Using the data below, return word for word every line from the one holding "Happy friends at" down to the one holding "На стол или". Leave pictures out.

- Opening Delimiter -

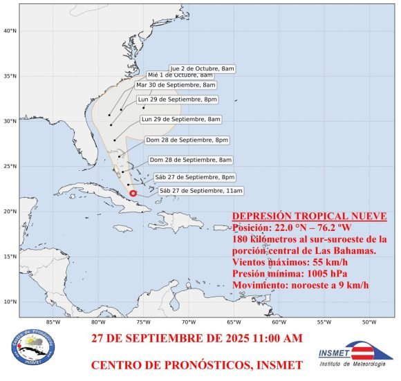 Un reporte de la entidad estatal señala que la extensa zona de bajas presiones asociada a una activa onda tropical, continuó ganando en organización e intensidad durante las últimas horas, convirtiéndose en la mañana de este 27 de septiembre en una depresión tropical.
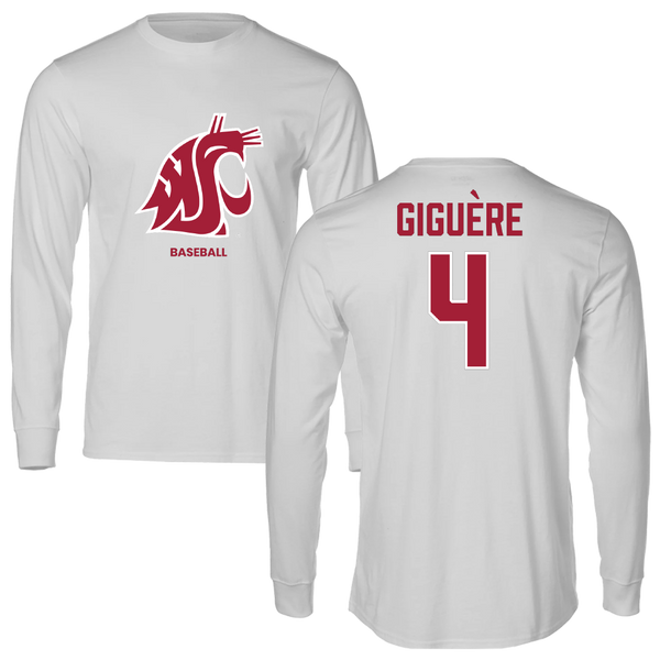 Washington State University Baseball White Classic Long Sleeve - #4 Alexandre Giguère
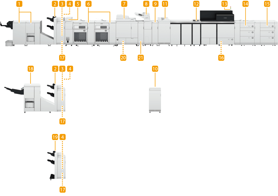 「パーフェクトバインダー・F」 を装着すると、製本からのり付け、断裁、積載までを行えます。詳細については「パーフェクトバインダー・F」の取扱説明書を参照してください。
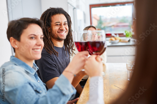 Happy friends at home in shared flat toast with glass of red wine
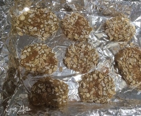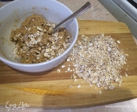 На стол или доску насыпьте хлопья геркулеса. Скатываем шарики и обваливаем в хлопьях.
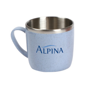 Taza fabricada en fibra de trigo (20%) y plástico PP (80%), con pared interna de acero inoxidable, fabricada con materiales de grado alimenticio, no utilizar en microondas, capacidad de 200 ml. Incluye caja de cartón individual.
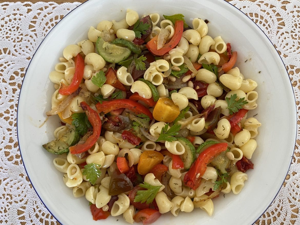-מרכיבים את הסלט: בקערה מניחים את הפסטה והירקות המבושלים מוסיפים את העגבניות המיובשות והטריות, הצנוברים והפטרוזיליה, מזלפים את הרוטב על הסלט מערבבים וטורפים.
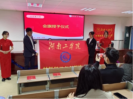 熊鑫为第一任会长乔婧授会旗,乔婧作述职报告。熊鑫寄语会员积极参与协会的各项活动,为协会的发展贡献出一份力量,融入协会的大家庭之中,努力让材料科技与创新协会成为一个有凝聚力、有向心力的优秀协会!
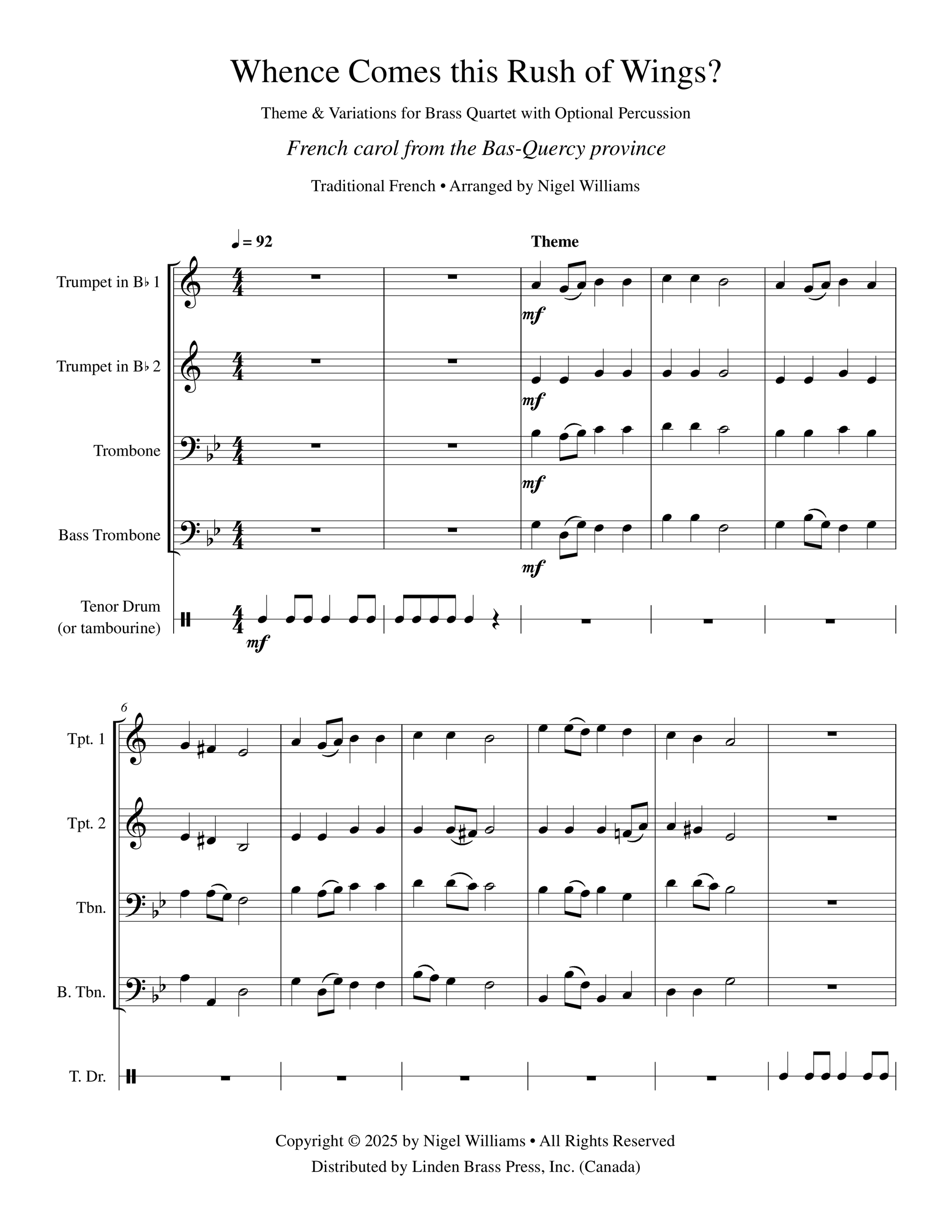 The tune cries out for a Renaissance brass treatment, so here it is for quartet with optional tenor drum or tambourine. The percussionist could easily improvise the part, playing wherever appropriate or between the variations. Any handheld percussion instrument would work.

- Closing Delimiter -

(Written response)
 Happy friends at home in shared flat toast with glass of red wine
 На стол или доску насыпьте хлопья геркулеса. Скатываем шарики и обваливаем в хлопьях.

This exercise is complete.